** Opening RECORDED INFORMATION block **

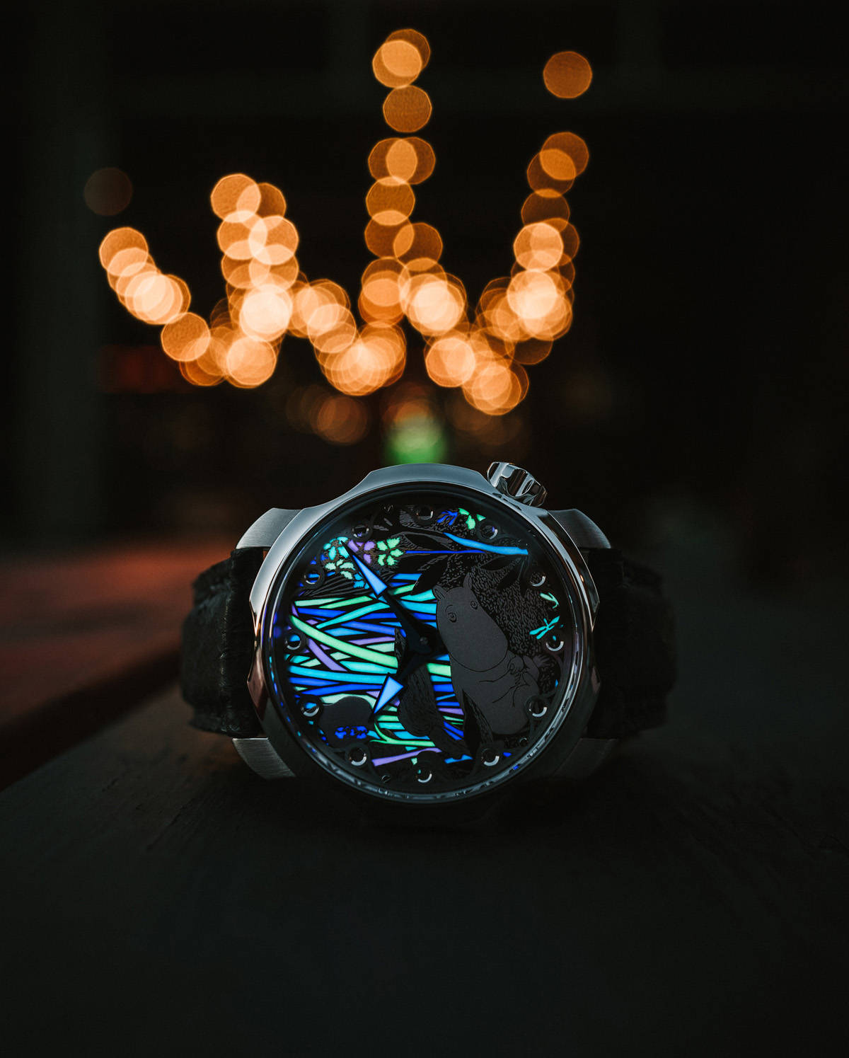 这个新系列的Sarpaneva x Moomin时计是独立制表商的最新作品之一。姆明系列是瑞典-芬兰插画家和作家托芙·杨松 (Tove Jansson) 系列书籍和连环画中的主要人物。该系列手表还有一个亮点,即是用多色SuperLuminova的表盘。如上图所示,呈现出来的夜光图值得每个表友点赞。
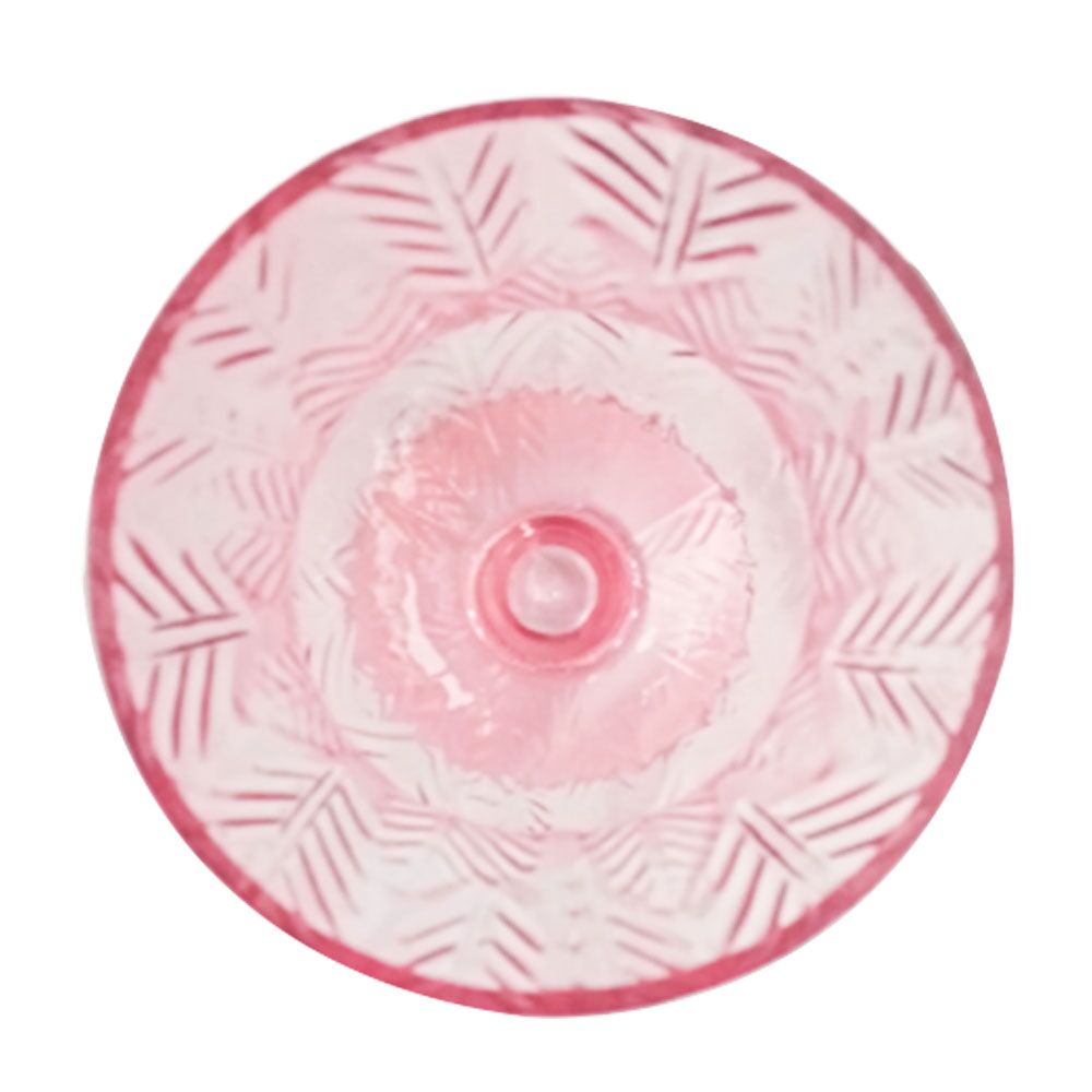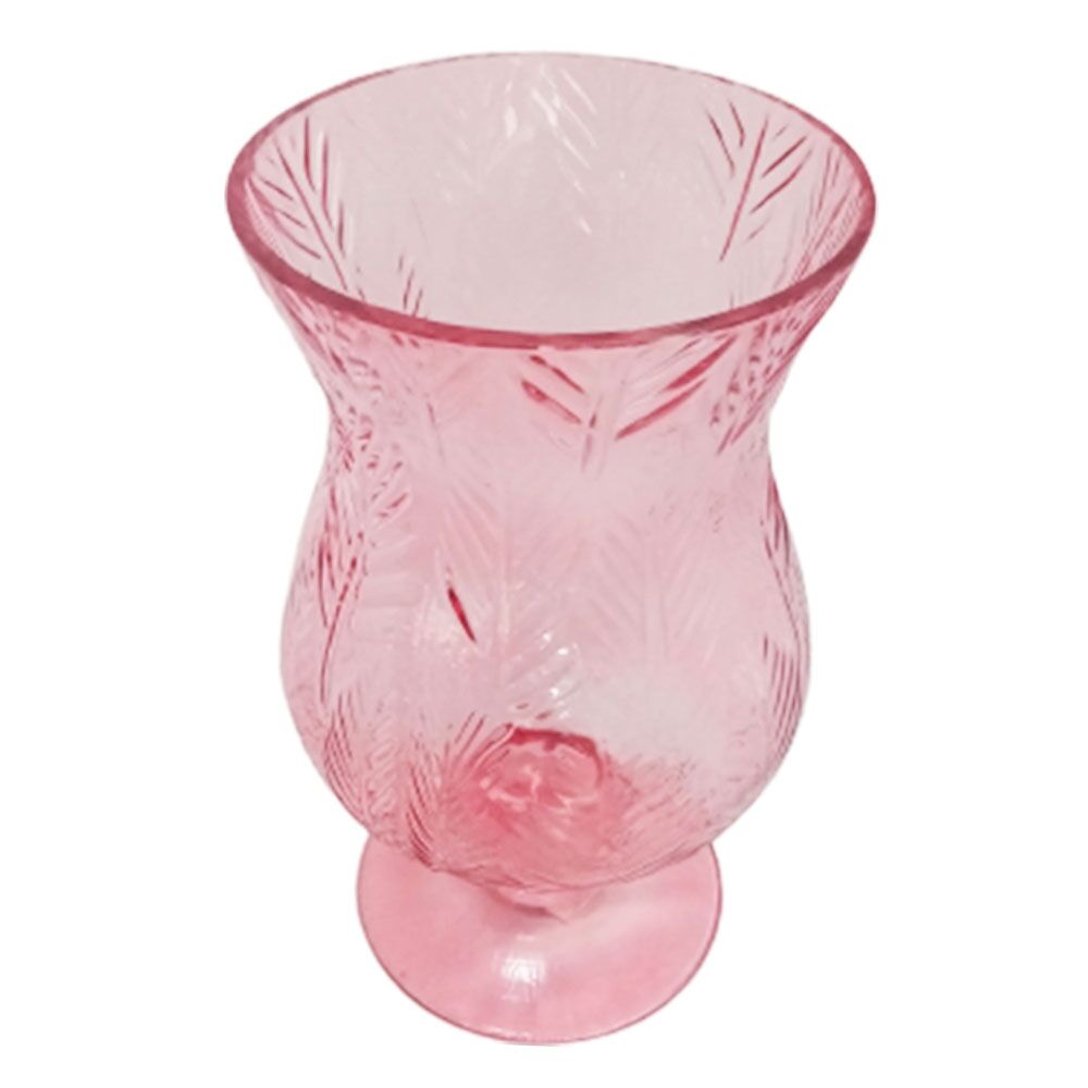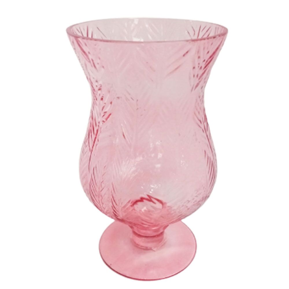 Florero de vidrio rosa diseño copa grabado hojas de 14x12x25cm
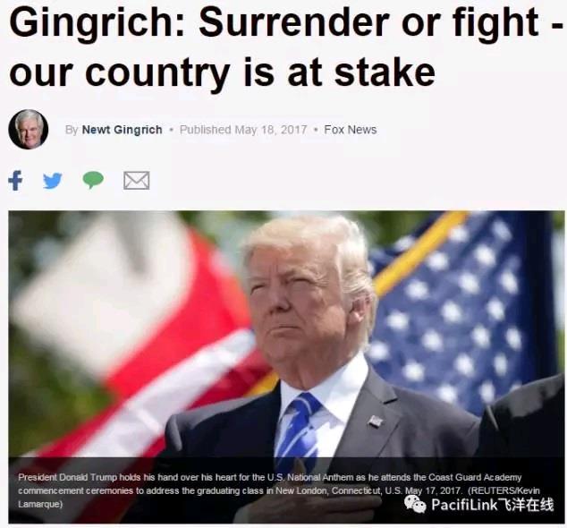 昨天发了一篇千里走单骑的文章,"老川啊,还能忍吗?该反击了!" 相信很多人有同感,面对左派无穷无尽的恶意攻击,川普还在被动防守。到底是委曲求全,还是蓄势待发? 自从川普入职以来,民主党已经不是在监督执政党,逢川必反也早已超出党派之争的范畴。虽然"弹劾"还是痴人说梦,这显然是很多人的终极目标,最起码也要让他一事无成。至于国计民生,根本不在这些人的考虑范围之内。 那么川普会怎么做?还能不能重振雄风,再次摧枯拉朽一般击破民主党的围剿? 我们只能猜测,因为我们毕竟是局外人,不会真正了解他的处境,对政治的黑暗以及斗争的险恶也是只知皮毛。但是牛金贵,Newt Gingrich,可不是一般人。这位前众院议长在政界摸爬滚打几十年,曾是川普团队的得力干将,还是最后两位副总统候选人之一。大选期间他对时局的分析非常精辟,常常一针见血。 5月18日,牛金贵在Fox News上发表了一篇铿锵有力,掷地有声的长文。或者更贴切地说,一篇慷慨激昂的战斗檄文。飞洋在线全文翻译如下,与读者共享。

** Closing RECORDED INFORMATION block **

[ASSIGNED TASK]
Could you repeat the data exactly, omitting its pictures?

[EXPECTED OUTPUT]
 这个新系列的Sarpaneva x Moomin时计是独立制表商的最新作品之一。姆明系列是瑞典-芬兰插画家和作家托芙·杨松 (Tove Jansson) 系列书籍和连环画中的主要人物。该系列手表还有一个亮点,即是用多色SuperLuminova的表盘。如上图所示,呈现出来的夜光图值得每个表友点赞。
 Florero de vidrio rosa diseño copa grabado hojas de 14x12x25cm
 昨天发了一篇千里走单骑的文章,"老川啊,还能忍吗?该反击了!" 相信很多人有同感,面对左派无穷无尽的恶意攻击,川普还在被动防守。到底是委曲求全,还是蓄势待发? 自从川普入职以来,民主党已经不是在监督执政党,逢川必反也早已超出党派之争的范畴。虽然"弹劾"还是痴人说梦,这显然是很多人的终极目标,最起码也要让他一事无成。至于国计民生,根本不在这些人的考虑范围之内。 那么川普会怎么做?还能不能重振雄风,再次摧枯拉朽一般击破民主党的围剿? 我们只能猜测,因为我们毕竟是局外人,不会真正了解他的处境,对政治的黑暗以及斗争的险恶也是只知皮毛。但是牛金贵,Newt Gingrich,可不是一般人。这位前众院议长在政界摸爬滚打几十年,曾是川普团队的得力干将,还是最后两位副总统候选人之一。大选期间他对时局的分析非常精辟,常常一针见血。 5月18日,牛金贵在Fox News上发表了一篇铿锵有力,掷地有声的长文。或者更贴切地说,一篇慷慨激昂的战斗檄文。飞洋在线全文翻译如下,与读者共享。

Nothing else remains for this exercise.